======== INFORMATION GIVEN

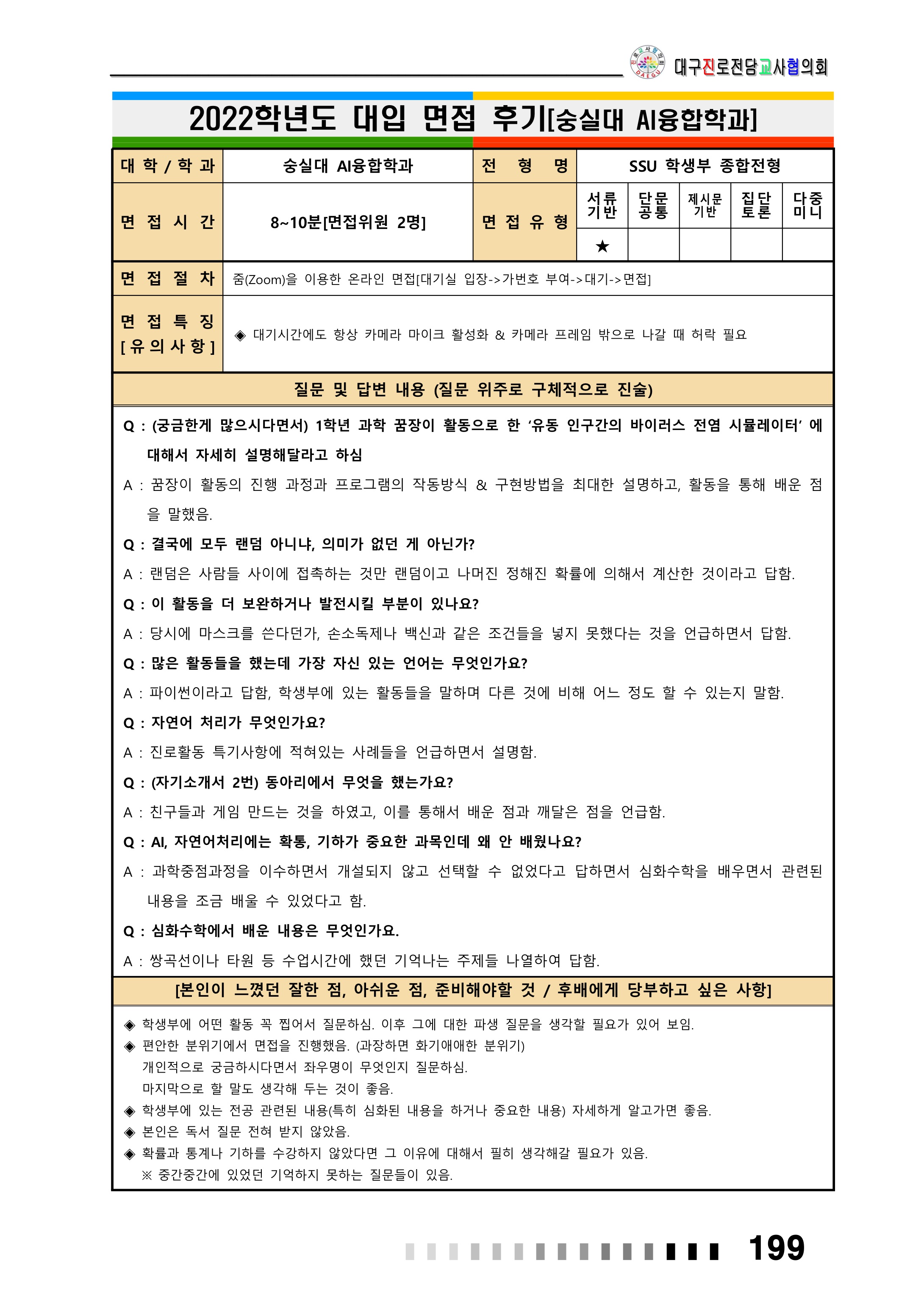 2022학년도 숭실대학교 면접 후기28 - 화학공학과 2022학년도 숭실대학교 면접 후기29 - AI융합학과
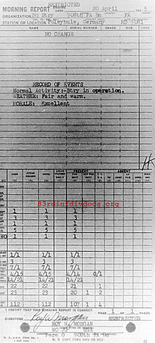 Normal activity: Btry in operation. Weather: Fair and warm. Morale: Excellent.
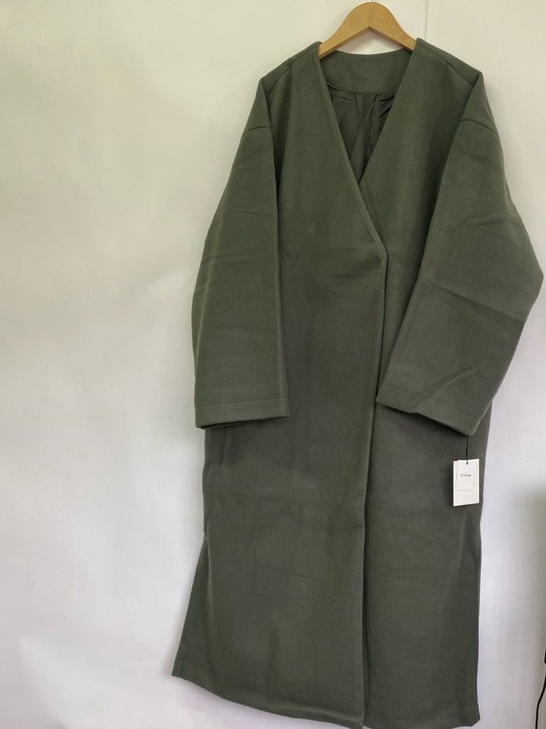 - 【タグ付新品】GRLグレイル コート ロングコート ノーカラーコート カーキー シンプル
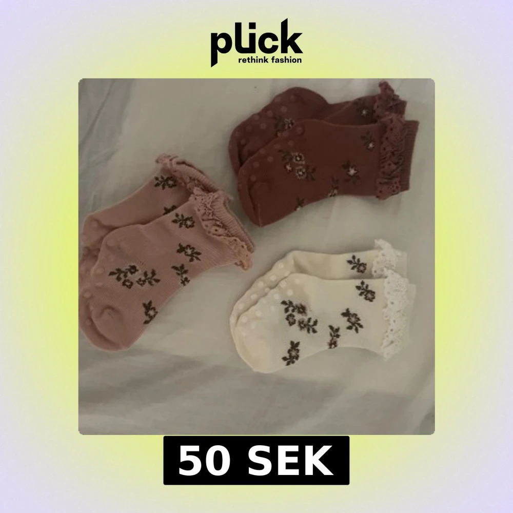 Säljer ett 3-pack söta strumpor med blommigt mönster och spetskant. Färgerna är vit, beige och brunrosa. Strumporna har halkskydd under och är ribbstickade för extra komfort. Perfekta för dig som gillar gulliga detaljer och romantisk stil.oanvända
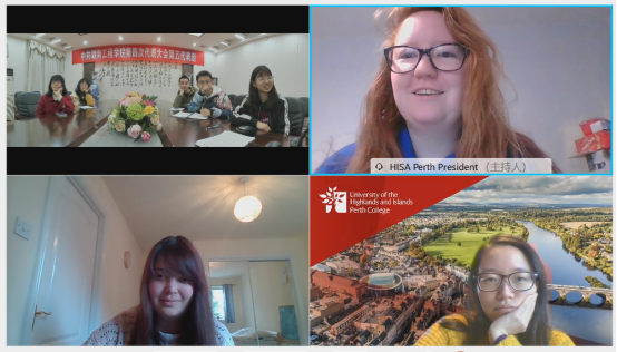 “Long time no see.”3月23日晚,国际教育学院在主校区E-105以在线视频的方式与合作办学学校英国高地与岛屿大学(UHI)共同开展第二期“中英学生云端交流会”。中英双方师生相聚在云端,以中英传统节日为主题进行交流分享。
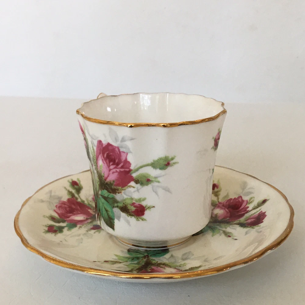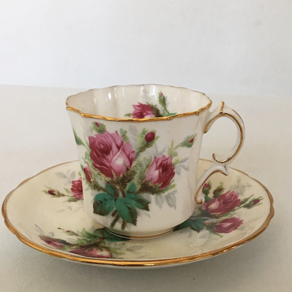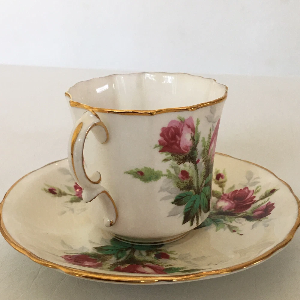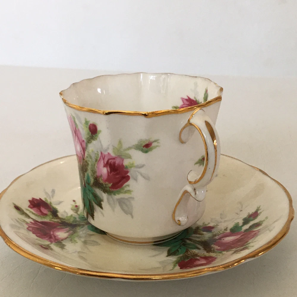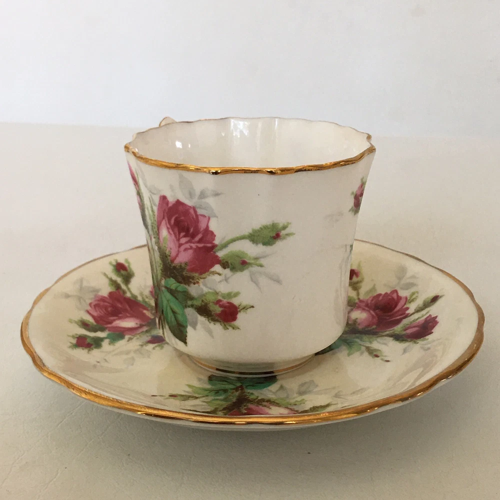 This beautiful vintage tea cup and saucer set is a wonderful addition to any collection. Made of fine bone china from Hammersley in England, this set features a charming floral pattern with red roses. The set includes a cup and saucer, perfect for sipping your favorite tea. The colors are bright and cheerful, and the set is in excellent condition. It's a great way to add a touch of elegance to your tea time. The vintage design adds a touch of nostalgia to the set, making it a great conversation piece.
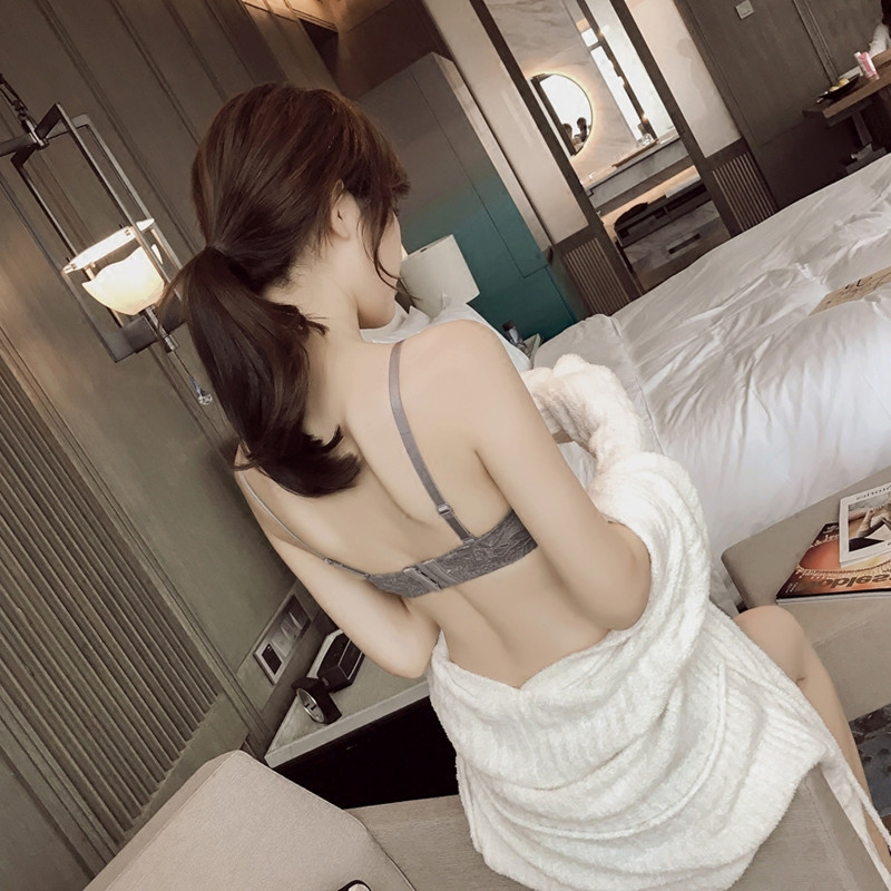 Japanese underwear suit female lace little cute gathered thin section no steel ring on the support small chest sexy cross strap V-shaped
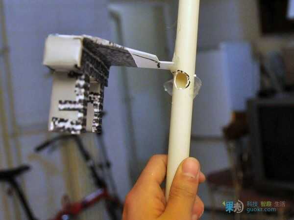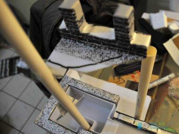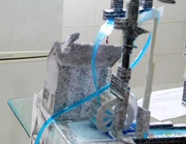 Dos tubos de PVC se utilizan para configurar el punto de descargando de la cascada. El lugar de la conexión fue pegado con gel caliente sol. Debemos asegurarnos de que el tubo de PVC en el lado derecho debe ser bloqueado por el uno en el lado izquierdo de la observación. Esto es para evitar ser visto a través.
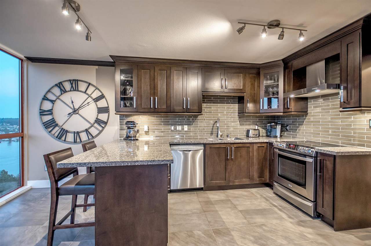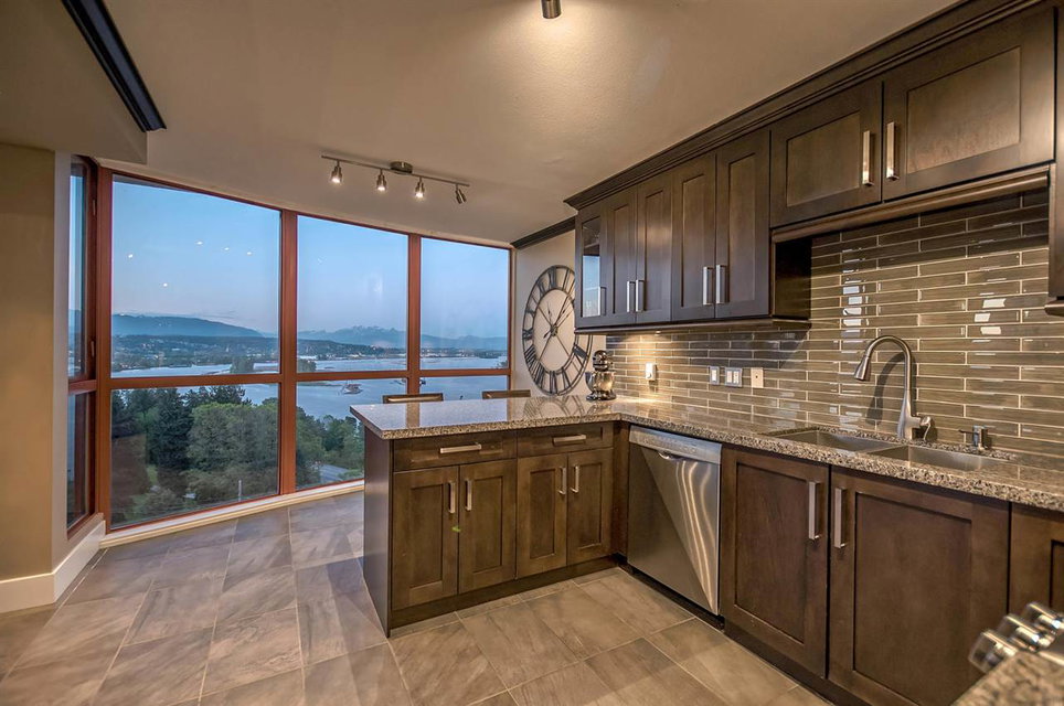 No stone left unturned! And by that I mean, this Sub Penthouse in the sky has been fully renovated with attention to detail in every corner. Fully updated from top to bottom: New kitchen (incl appliances), New Bathrooms, New Flooring throughout, Insuite Laundry with new Washer/Dryer, even new doors and mouldings. Open layout provides generous room sizes to accommodate house sized furniture. River or mountain views from all rooms. There’s literally nothing to do but move in. With all of the convenience of being located in downtown New West yet nestled on a quiet street and only 12 minute walk from skytrain and Columbia street amenities.

================

EXERCISE: Images must not appear; print each record precisely as it reads.

RESPONSE BELOW:
 2022학년도 숭실대학교 면접 후기28 - 화학공학과 2022학년도 숭실대학교 면접 후기29 - AI융합학과
 Normal activity: Btry in operation. Weather: Fair and warm. Morale: Excellent.
 - 【タグ付新品】GRLグレイル コート ロングコート ノーカラーコート カーキー シンプル
 Säljer ett 3-pack söta strumpor med blommigt mönster och spetskant. Färgerna är vit, beige och brunrosa. Strumporna har halkskydd under och är ribbstickade för extra komfort. Perfekta för dig som gillar gulliga detaljer och romantisk stil.oanvända
 “Long time no see.”3月23日晚,国际教育学院在主校区E-105以在线视频的方式与合作办学学校英国高地与岛屿大学(UHI)共同开展第二期“中英学生云端交流会”。中英双方师生相聚在云端,以中英传统节日为主题进行交流分享。
 This beautiful vintage tea cup and saucer set is a wonderful addition to any collection. Made of fine bone china from Hammersley in England, this set features a charming floral pattern with red roses. The set includes a cup and saucer, perfect for sipping your favorite tea. The colors are bright and cheerful, and the set is in excellent condition. It's a great way to add a touch of elegance to your tea time. The vintage design adds a touch of nostalgia to the set, making it a great conversation piece.
 Japanese underwear suit female lace little cute gathered thin section no steel ring on the support small chest sexy cross strap V-shaped
 Dos tubos de PVC se utilizan para configurar el punto de descargando de la cascada. El lugar de la conexión fue pegado con gel caliente sol. Debemos asegurarnos de que el tubo de PVC en el lado derecho debe ser bloqueado por el uno en el lado izquierdo de la observación. Esto es para evitar ser visto a través.
 No stone left unturned! And by that I mean, this Sub Penthouse in the sky has been fully renovated with attention to detail in every corner. Fully updated from top to bottom: New kitchen (incl appliances), New Bathrooms, New Flooring throughout, Insuite Laundry with new Washer/Dryer, even new doors and mouldings. Open layout provides generous room sizes to accommodate house sized furniture. River or mountain views from all rooms. There’s literally nothing to do but move in. With all of the convenience of being located in downtown New West yet nestled on a quiet street and only 12 minute walk from skytrain and Columbia street amenities.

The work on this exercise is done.